We first use the chi-square test to compare demographics of transit riders in each survey by gender, age, income, vehicle ownership, and dwelling type. Categorical bins for age and income in the Transit app survey did not exactly align with the Facebook survey, and some observations were re-categorized based on population distributions to match the other survey’s bins. Next, we use the TTS and Facebook samples to build binomial logistic regression models predicting household vehicle ownership. Models are compared using the classification rate. We recomputed models with half of each dataset and tested them on the other half, generating classification rates. The presented models, however, are based on full datasets.
FINDINGS
Differences are statistically significant across all variables of interest, between all samples as presented in Table 1. The Facebook approach recruited more women compared to the TTS for all transit riders, as anticipated, while Transit app solicited greater participation from younger riders and lower income riders. In contrast, Transit app’s gender breakdown more closely matches the TTS despite Transit only surveying those still riding transit during COVID-19. The Facebook sample also has a slightly larger percentage of low- and middle-income earners relative to the TTS among all riders. Both Facebook and Transit app samples report similar percentages of current riders who do not own vehicles, between 85% and 87%.
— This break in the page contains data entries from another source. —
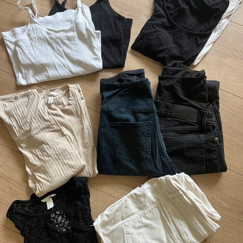 Stor pakke gravidklær selges med T-skjorter, bukser, shorts, gensere, singleter og kjoler. Det meste fra HM mama og i str M/S.
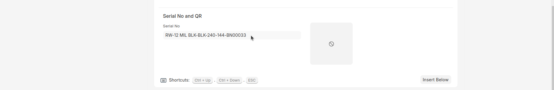 Button: Click the “Create Serial No” button to generate a serial number for the finished good item.
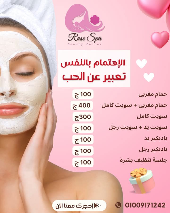 في وسط دوشة الحياة اليومية، كل واحدة فينا محتاجة وقت تهدي فيه أعصابها، تريح جسمها، وتدلّع نفسها بشوية عناية تستاهلها. وده اللي هتلاقيه في Rose Spa، سبا ناعم وراقي بيجمع بين الرقي، النظافة، والخصوصية، وكل ده في مكان مريح يخليكي تنسي الدنيا حواليكي.
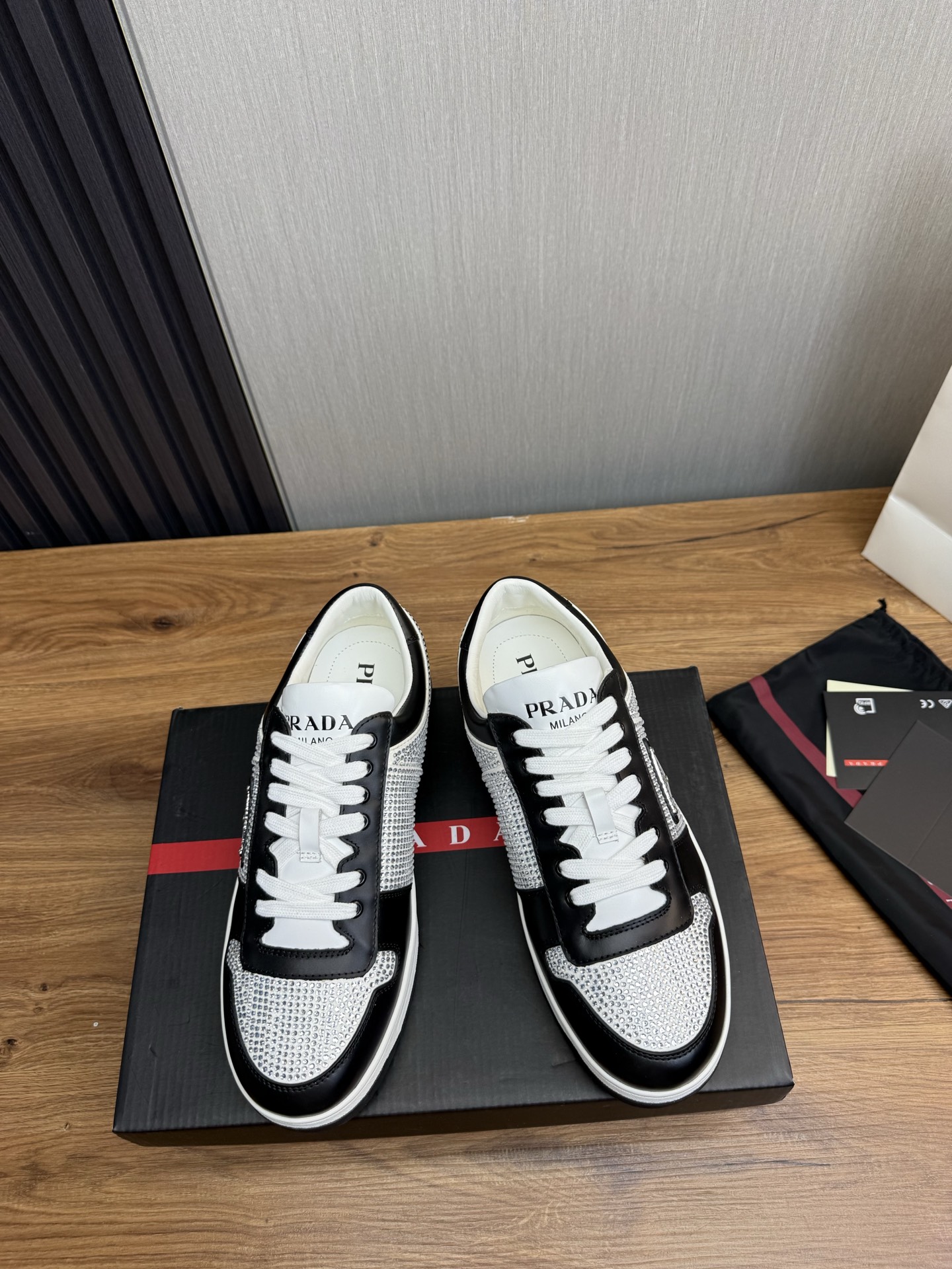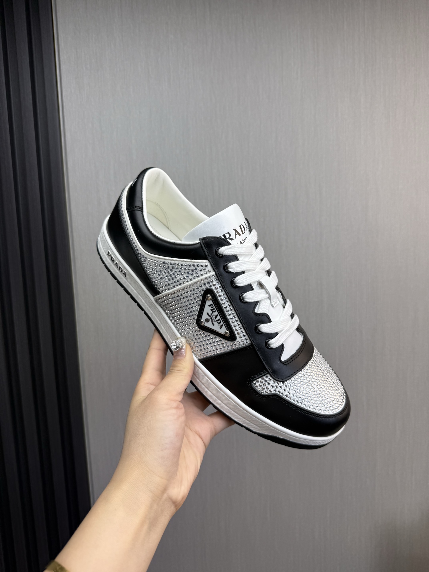 这款鞋子是AAAAA 1:1 质量 (非常棒). 使用了和原版一模一样的材料. 商标部分也保持了和普拉达/Prada一样. 图片拍摄是实物鞋子拍摄, 您所收到的实物保证和我们图片一模一样.
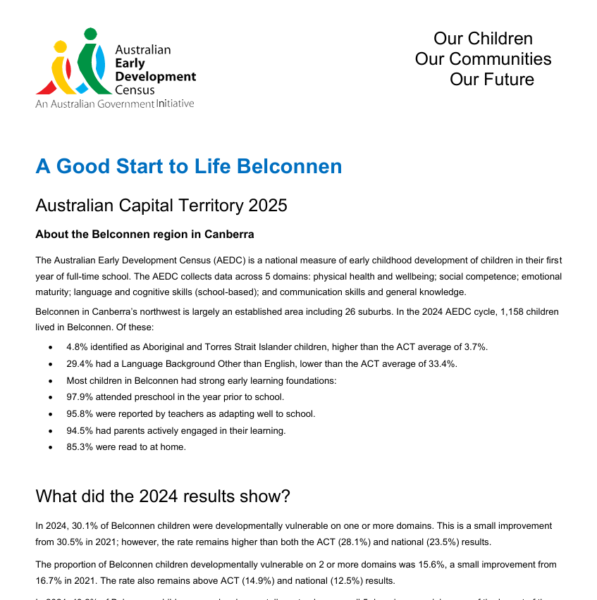 The AEDC played a pivotal role in the ‘Good Start in Life for Young Children’ research project (2019-2023) at the Health Research Institute, University of Canberra. Using AEDC data and trends from 2015 to 2018, the project identified 9 suburbs in the Belconnen District where early childhood development risk was highest.

Demographic comparisons for Vancouver are shown in Table 2. We were unable to secure household travel survey data to use for comparison in Vancouver. Similarities and differences between the surveys in Vancouver mirror those for Toronto. All differences are significant except on vehicle ownership.
Table 3 presents the results of our binomial logistic regressions. The results demonstrate that higher income households and those in less dense communities with worse transit access are more likely to own a vehicle, in line with the literature and theory (Ryan and Han 1999; Schimek 1996).The directions of the coefficients in models using TTS data and FB data are identical in nearly all cases except for building type and head of household age.
The classification rates reveal that the TTS model does a better job predicting vehicle ownership. However, our Facebook sample successfully replicated known associations between vehicle ownership and several predictors. Evidence from Transit app and our Facebook sample suggest that people still riding transit in early months of the pandemic were mostly car-less and of low incomes. Undoubtedly, public transit remained an important essential service for urban residents with fewer resources to afford alternative means of travel.